Sigo buscando el amor en el que no creo y me destruye. Olvido cosas mundanas cómo la intensidad a la que río; como cuando fue la última vez que fui capaz de amar.
Todos aquellos que están besando ahora mismo tampoco saben lo que quieren.

Después del túnel ya no queda nada pero no me he perdido porque sigo allí. Después queda la indiferencia y se acaba el miedo porque ya lo sufrí una vez y sé que tras la oscuridad hay vida y es la mía pero a veces pienso que ojalá me hubiera fundido porque es mejor que apagarse lentamente (o eso dicen).

Porque las veces que hablé sólo fueron una llamada perdida a la voz de un contestador al que nadie contesta. Al no haber estado allí ya nadie se acuerda de nosotros.

Lo hago todo mal muy bien y sé cómo hacerlo peor.

miércoles, 2 de noviembre de 2016

Silencio de blanca.

La radio ha muerto pero las voces
siguen sonando dentro de
mi cabeza.



No mostrar nunca lo que somos,
aborrecer al alma en silencio y el amor que me sustentan aquellos que no se sostienen en el suelo.

Ya no me quedan ventanas para saltar, ni ganas de apagar el fuego que incendiaron otros. Debajo de las uñas sólo nos quedan restos del pasado que intentamos enterrar bien hondo pero aún así no nos mantenemos a flote.

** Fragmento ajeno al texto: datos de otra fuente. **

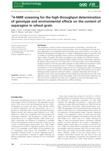 1H-NMR screening for the high-throughput determination of genotype and environmental effects on the content of asparagine in wheat grain
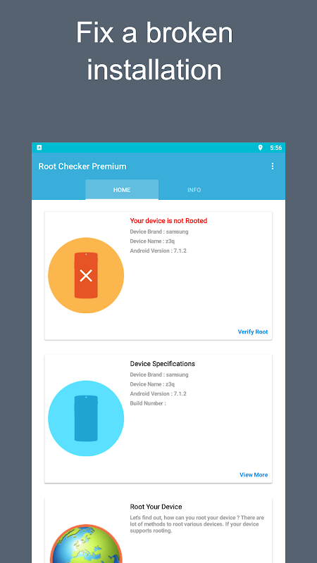 Works on even the newest android users and devices with a simple method to check their device for root (administrator, superuser, or su) access. Root Checker provides a very simple user interface that easily notifies the user whether or not they have properly setup root (superuser) access.
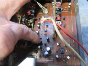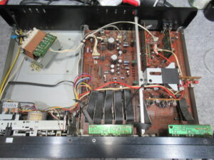 カバーを開けて点検を進めます。両CHとも音が出ないということは、電源ラインの故障の可能性が大です。テスターで各部の電圧を点検すると、-7.2Vラインが死んでいることがわかりました。
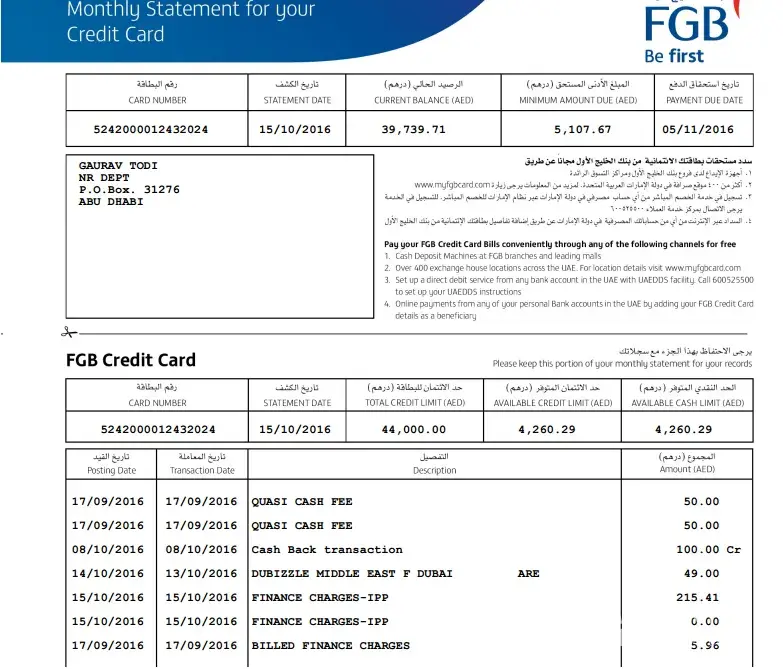 Today i have received my FGB Credit card statement. i don't have any due payment of Statement date of 05/11/2016.
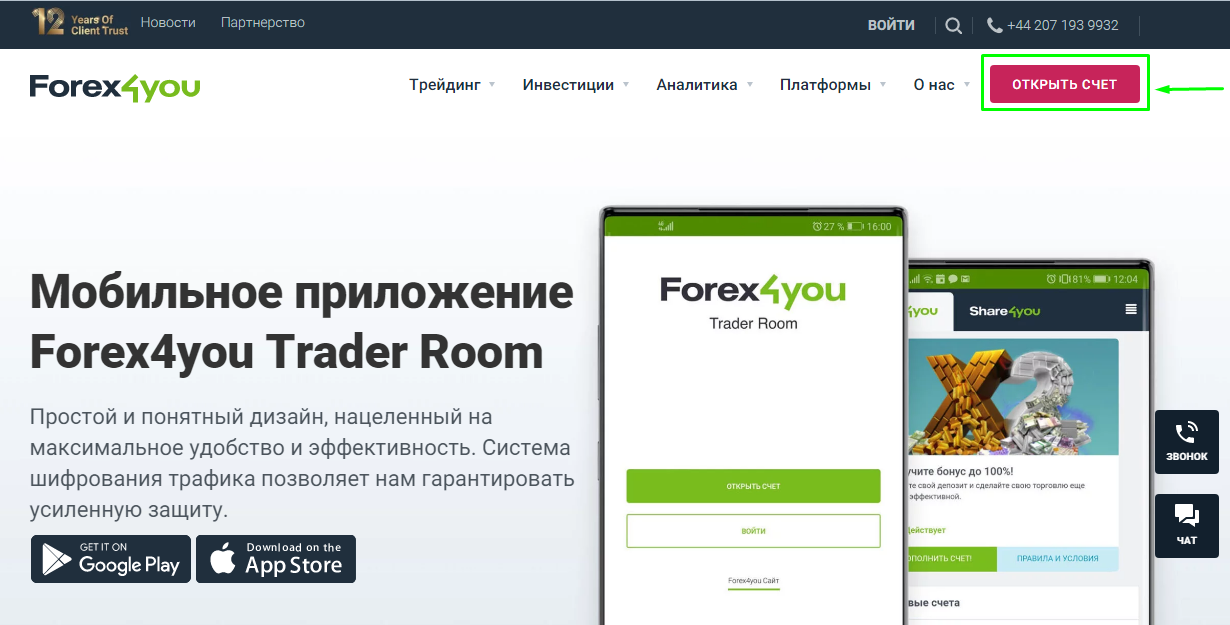 Перейдя по ссылке вы попадаете на сайт Forex4you
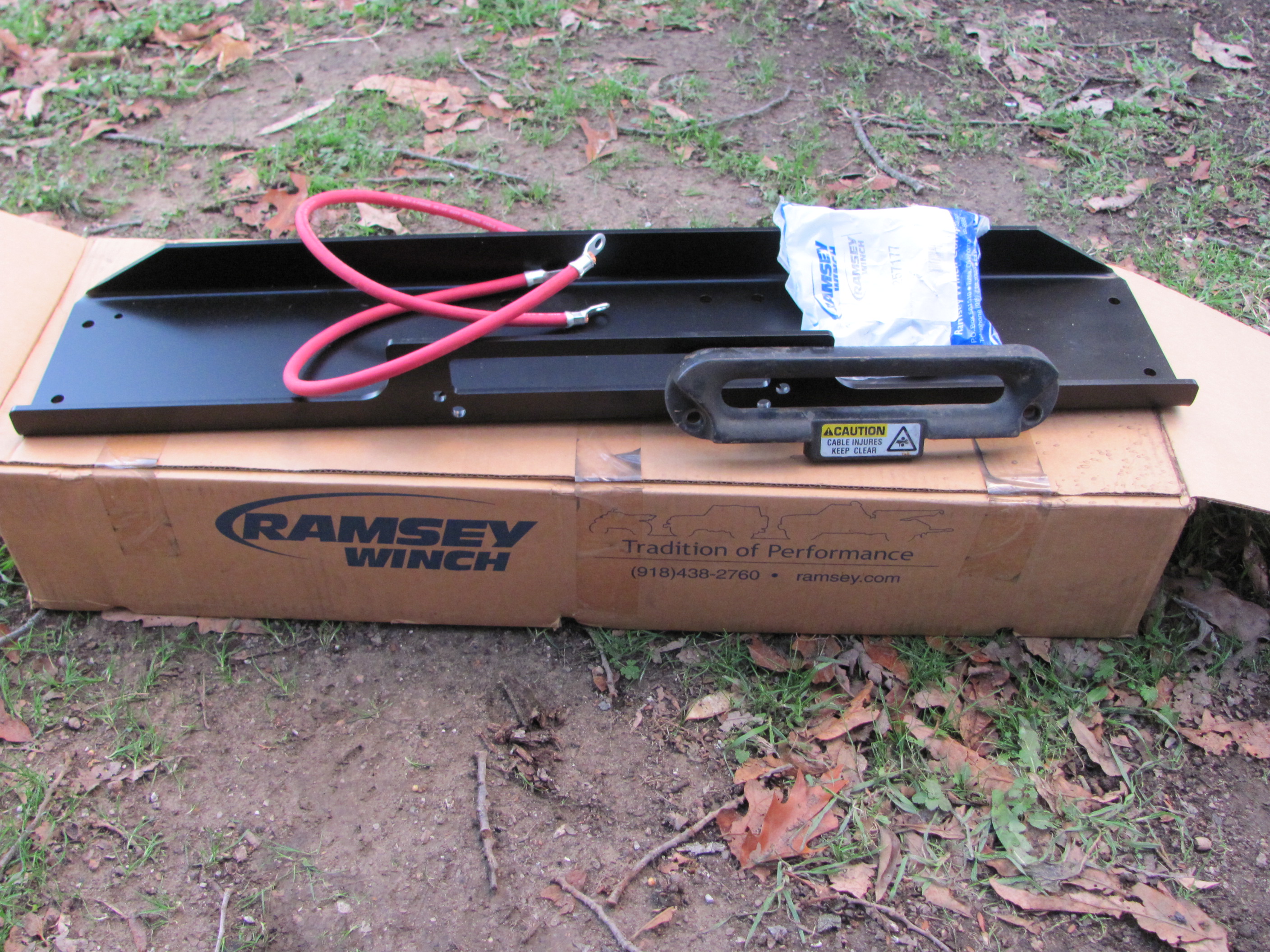 I went into Tulsa today looking to find a mounting plate and info on a replacement cable for the winch.I found out, that only a Ramsey plate will work with the rep 6000 due to the location of the control pack. Lucky me found a old dusty box at Sams off road. Sams has been a Ramsey dealer long before they went bankrupt and just happened to have one plate left. (New in the box) To sweat'n the deal he gave me a hawse fairlead. He says no one uses those things anymore.
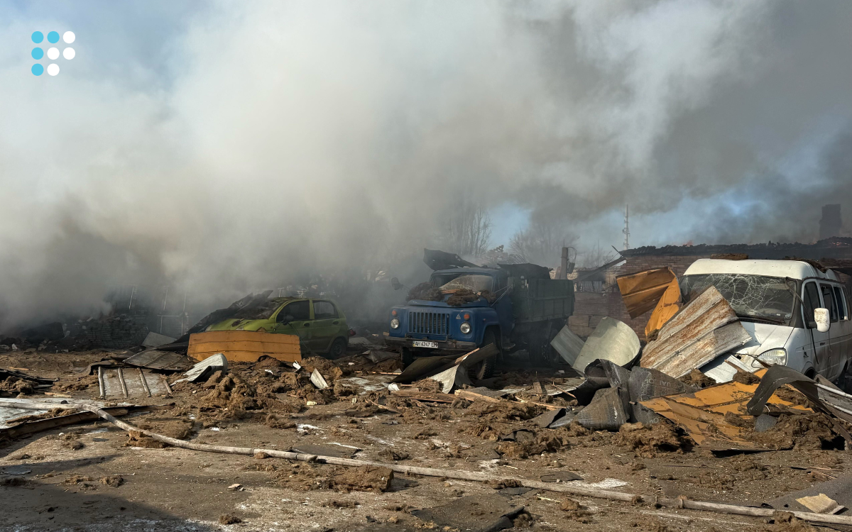 За словами журналістки, там немає жодного військового об’єкта. Постраждали автомийка, СТО, склад секонд-хенду. «Все це зараз горить, палає», — сказала журналістка.
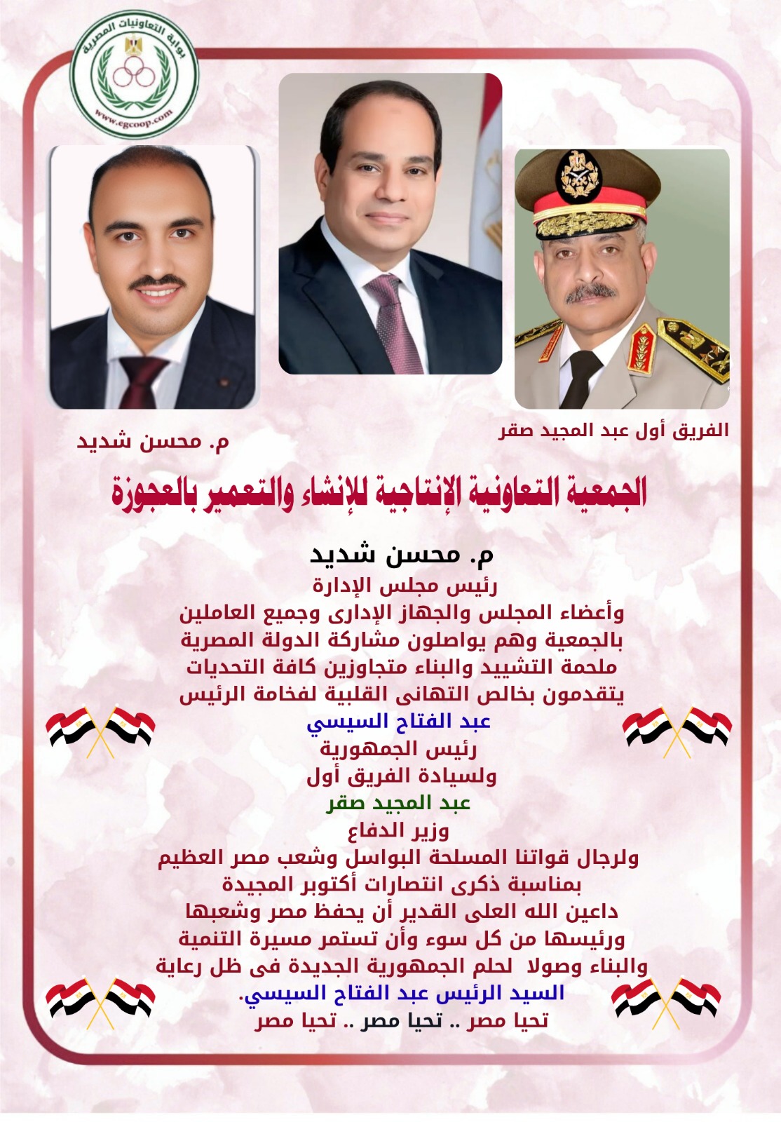 الجمعية التعاونية الإنتاجية للإنشاء والتعمير بالعجوزة تهنئ الرئيس السيسي بذكرى انتصارات أكتوبر
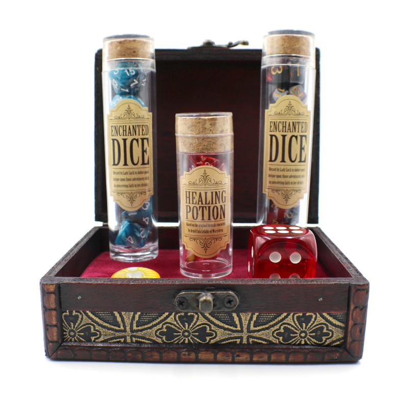 This D&D gift set features a wooden storage box, two D20 dice sets, a healing potion, giant D6 die and a glass inspiration token.
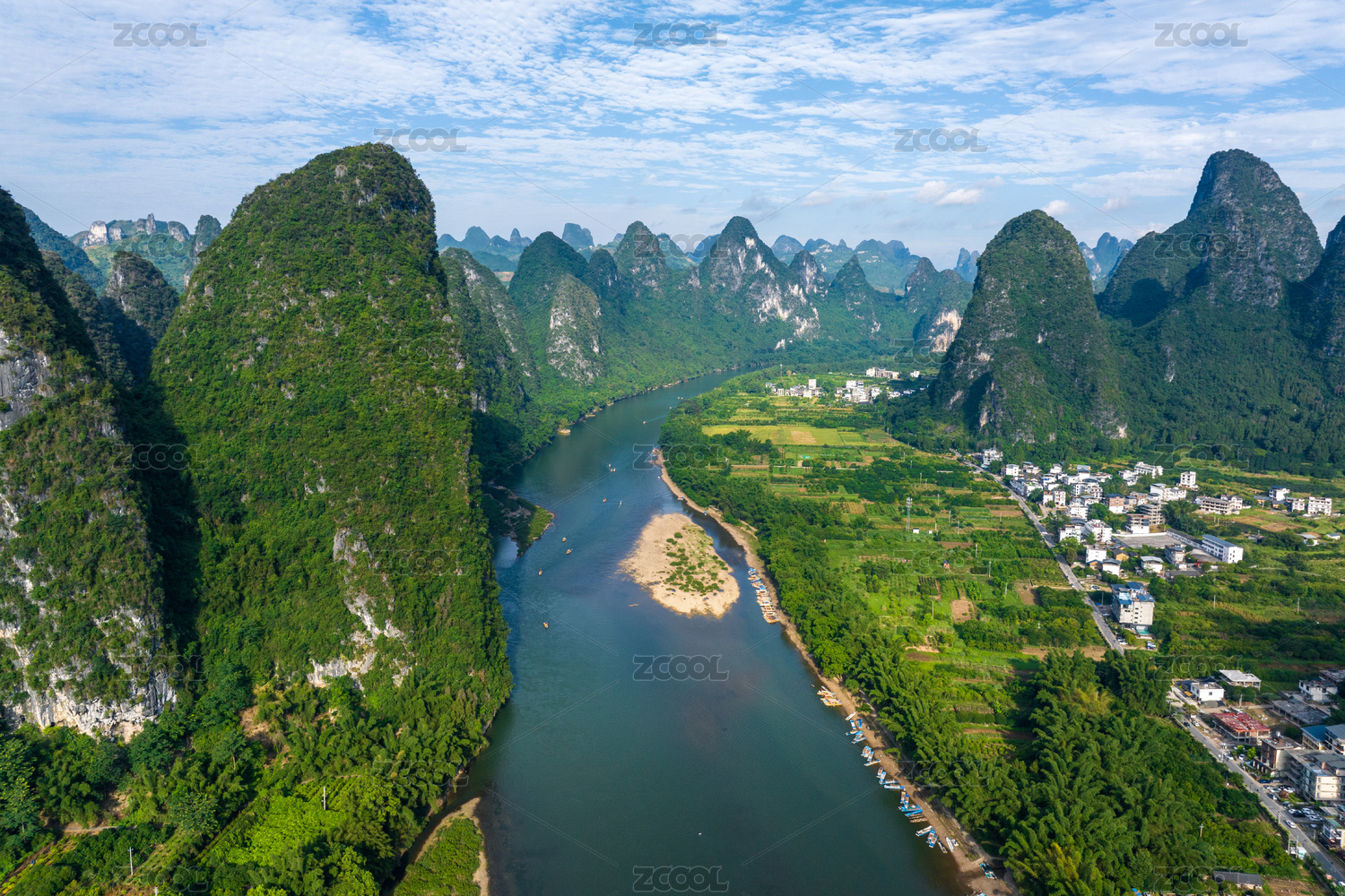 广西桂林阳朔县兴坪古镇漓江自然风光航拍
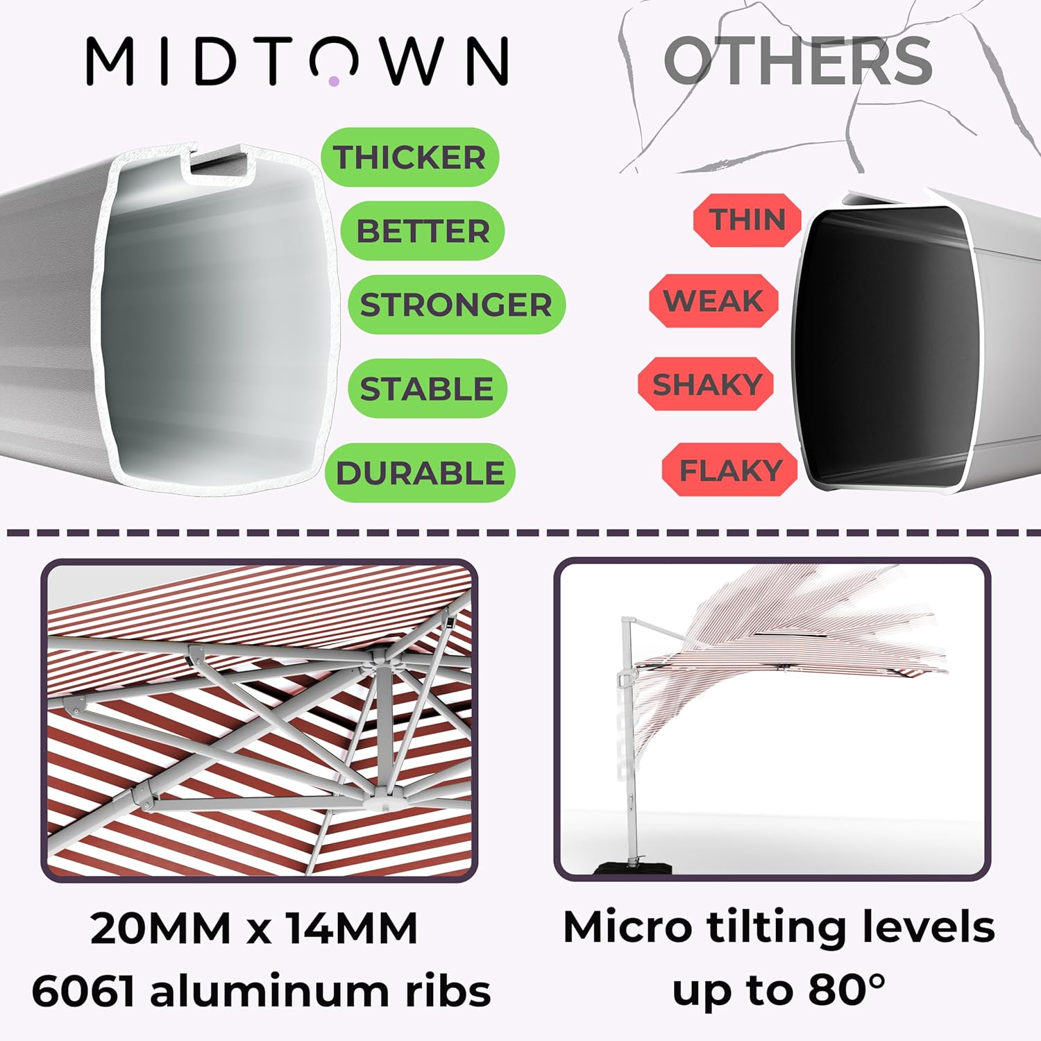 - [ WARRANTY ]: 10 year warranty on the Midtown 10 ft umbrella outdoor patio frame along with 10 year warranty on the Terylast fabric.
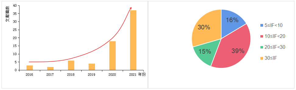 2016年-2021年空間轉(zhuǎn)錄組文章發(fā)表趨勢(shì)和影響因子分布
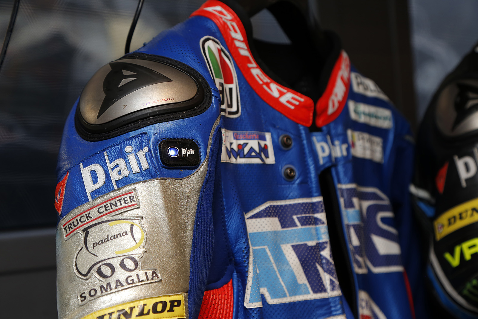 賽車皮衣經過多年演進,從初期僅有簡單的皮革搭配加厚的軟質防護塊,到近幾年大量導入碳纖維、金屬等材質輔助等,此外還有安全氣囊功能保護騎士受到瞬間衝擊,然而我們可以發現有些市售皮衣會在外層,少量加入金屬防護塊,此舉同樣也是為了安全考量。
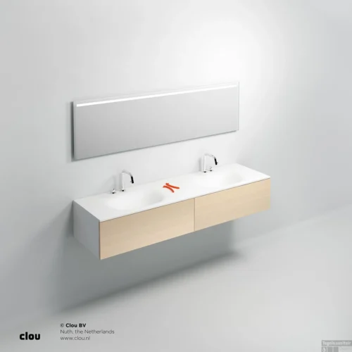 Wastafelblad Clou Hammock Dubbele Waskom 180cm Composiet Mat Wit
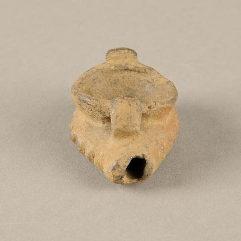 Artefacto fumatorio elaborado en cerámica usado en contextos de ritualidad ceremonial, política y/o social. Su tipología la clasifica en pipas de T invertida. De forma elíptica con bordes crenados. La hornilla se ubica al centro del cuerpo, sobresaliendo en forma discoidal abierta. Del borde del labio de la hornilla se apoyan dos asas cinta que terminan en el cuerpo central de la pieza. El tubo de aspiración parece concluir en dos boquillas, pero la fragmentacion de estas partes impide la identificación total de la pieza. Su superficie es alisada de color café claro.
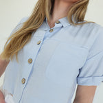Spaces Crop Top Bold, unapologetic style meets everyday versatility. This collared button-down crop top features structured cuff sleeves and a sharp silhouette that commands attention. Perfect for layering over basics or wearing solo, it's the piece that transforms a simple outfit into a statement. Tailored for confidence, designed for those who refuse to blend in.
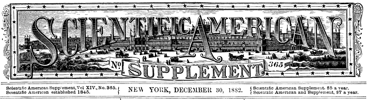 The Project Gutenberg EBook of Scientific American Supplement, No. 365, December 30, 1882, by Various This eBook is for the use of anyone anywhere at no cost and with almost no restrictions whatsoever. You may copy it, give it away or re-use it under the terms of the Project Gutenberg License included with this eBook or online at www.gutenberg.org Title: Scientific American Supplement, No. 365, December 30, 1882 Author: Various Release Date: July 6, 2006 [EBook #18763] Language: English Character set encoding: ISO-8859-1 *** START OF THIS PROJECT GUTENBERG EBOOK SCIENTIFIC AMERICAN *** Produced by David King, Juliet Sutherland and the Online Distributed Proofreading Team at http://www.pgdp.net
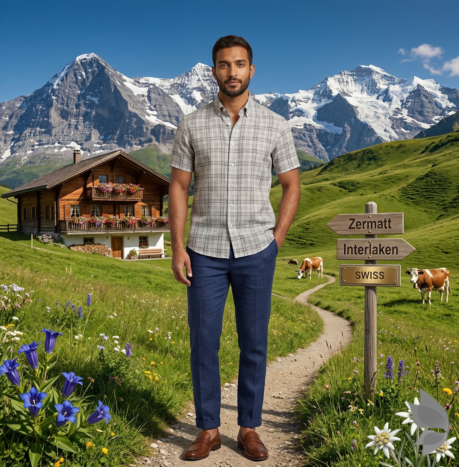 J.Hampstead Moretti Premium Collection with 100% Giza Cotton Grey (Tan) colour Checkered Pattern Unstitched Shirt Fabric of 1.6 mts - Made In Italy / VV2540

Las flores muertas de un cementerio que jamás hemos pisado me recuerdan al color ya apagado de tus ojos y a las palabras mal sonantes que apuñalaban nuestros nombres.

La fragilidad no era negar el contacto del resto, sino que nos acaricien y que no se parezca a un arañazo.

El invierno va a durar lo mismo que mi libro favorito: demasiado poco.

Mátame o abrázame que no encuentro un término medio que no nos duela.
Y así acabó todo, sin saber cómo volver a volver a empezar de nuevo.

martes, 4 de octubre de 2016

Joker.

A lo peor que os pueda pasar en el mundo sumadle
puertas que no se cierran del todo.
Y un sueño que no te deja despertar.


Por el amor al odio
me hubiera gustado decirte que.

Después del silencio sólo quedan las palabras que nunca nos hubiera gustado escuchar. Esta insana manía de dejar que siempre se haga tarde provoca que el reloj se pare cuándo más rápido queremos que pase el tiempo que no queremos perder. Un reloj que sólo marca el tiempo perdido no sé de qué me sirve pero no dejo de coleccionar errores debajo de la almohada, y pesadillas largas que a veces confundo con una realidad en la que no sé lo que pasa.

Dejarse llevar suena tan mal cómo todas esas horribles canciones que baila la gente en las discotecas cuando yo sólo quiero desaparecer del mundo. 
Dejarse llevar suena tan mal como tu voz cuando dices que sientes que ya no quiero.
Dejarse llevar suena tan mal porque no sabes con certeza a dónde vas a llegar. 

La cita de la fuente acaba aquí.